Now is the time for innovative thinking and to ensure that we challenge for change to improve MSK health for all. We are being asked to define areas for improvement rapidly without, I fear, the realisation that it takes time to develop a good and workable idea. We must ensure that change is not enacted just for change’s sake.

If we want to think about change, then the articles on sham/placebo surgery (page 54) are entertaining and informative in equal measure and certainly do challenge the way we think about our surgical equipoise and how we deliver surgical research. We do have to question.

All those of us who train are also going to have to get to grips with the new curriculum (page 26) – please do not leave it too late to learn about the MCRs, CiPs and the GPS – as our President says in his editorial, acronyms are on the up and we must be up with them.

The contribution from the medico-legal team (page 50) regarding the management of our patients who are Jehovah’s Witnesses may make you consider ideas that you have previously taken for granted and reminds us that informed consent is a two way process - the surgeon must be informed, and this article does inform.

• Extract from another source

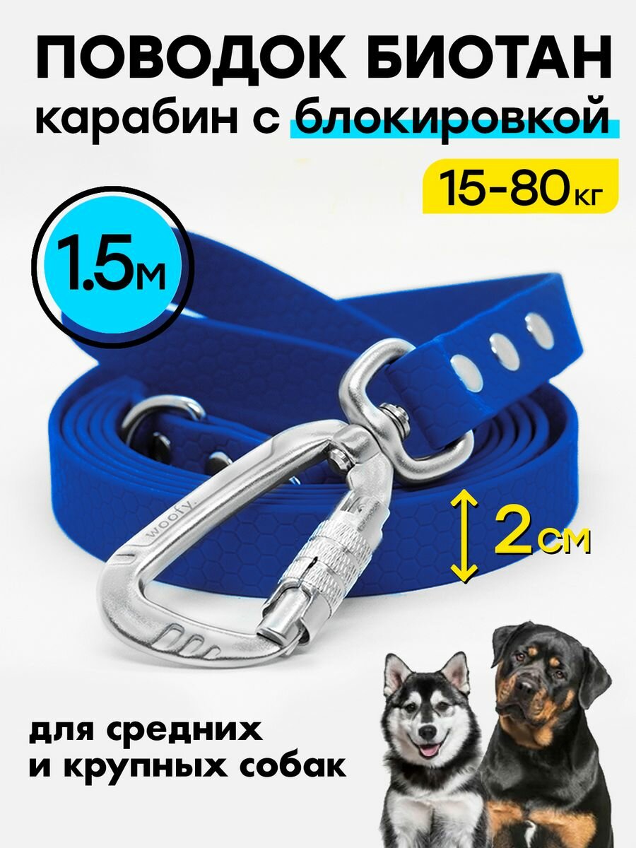 Преимущества поводков из биотана -- Не впитывает воду, грязь и запахи. -- Не дубеет на морозе и не выгорает на солнце. -- Обладает высокой прочностью, устойчив к износу. - -Не проскальзывает в руке и не обжигает, даже в мокрую погоду. -- Легко моется просто водой, сохнет 1-2 мин. --Карабин позволяет быстро снимать и надевать поводок.
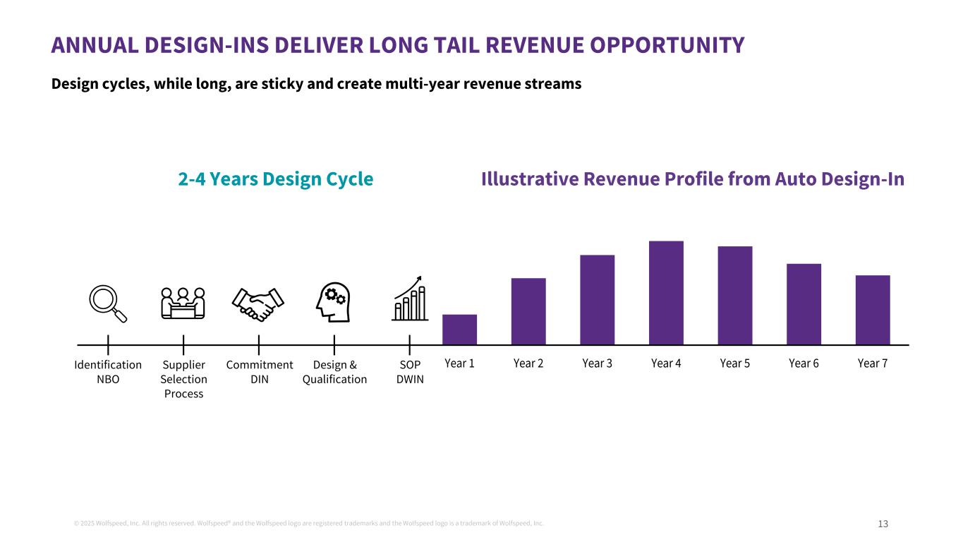 © 2025 Wolfspeed, Inc. All rights reserved. Wolfspeed® and the Wolfspeed logo are registered trademarks and the Wolfspeed logo is a trademark of Wolfspeed, Inc. 12 SIGNIFICANT PROGRESS MADE TO SIMPLIFY STATE OF THE ART, FULLY- AUTOMATED 200MM FOOTPRINT TO SERVE INDUSTRY’S TOP CUSTOMERS • Crystal growth and substrate processing generating solid output and yields • Level of productivity allows for a more measured ramp and measured level of spend on the JP Materials: Wolfspeed HQ - Durham, NC • Crystal growers up and running; 200mm yields exceeding expectations • Received Certificate of Occupancy in 1H CY25 Materials: The JP - Siler City, NC • Produces among the highest quality of 200mm devices on the market, enabling us to service a wider range of applications Device Fab: Mohawk Valley - Marcy, NY

Another contribution that perhaps challenges our practice is the article on the use of tourniquets in total knee replacement surgery (page 42). Our trauma colleagues might feel that this is just the tip of the iceberg in asking us to challenge our views on tourniquet use more generally. Why not join the debate and submit your views to the Transient Journal?

Thank you to the 1,300 people who responded to our Burnout Survey in January – the wellbeing of you and your team is important, so please take care and be kind to yourself and those around you (page 20).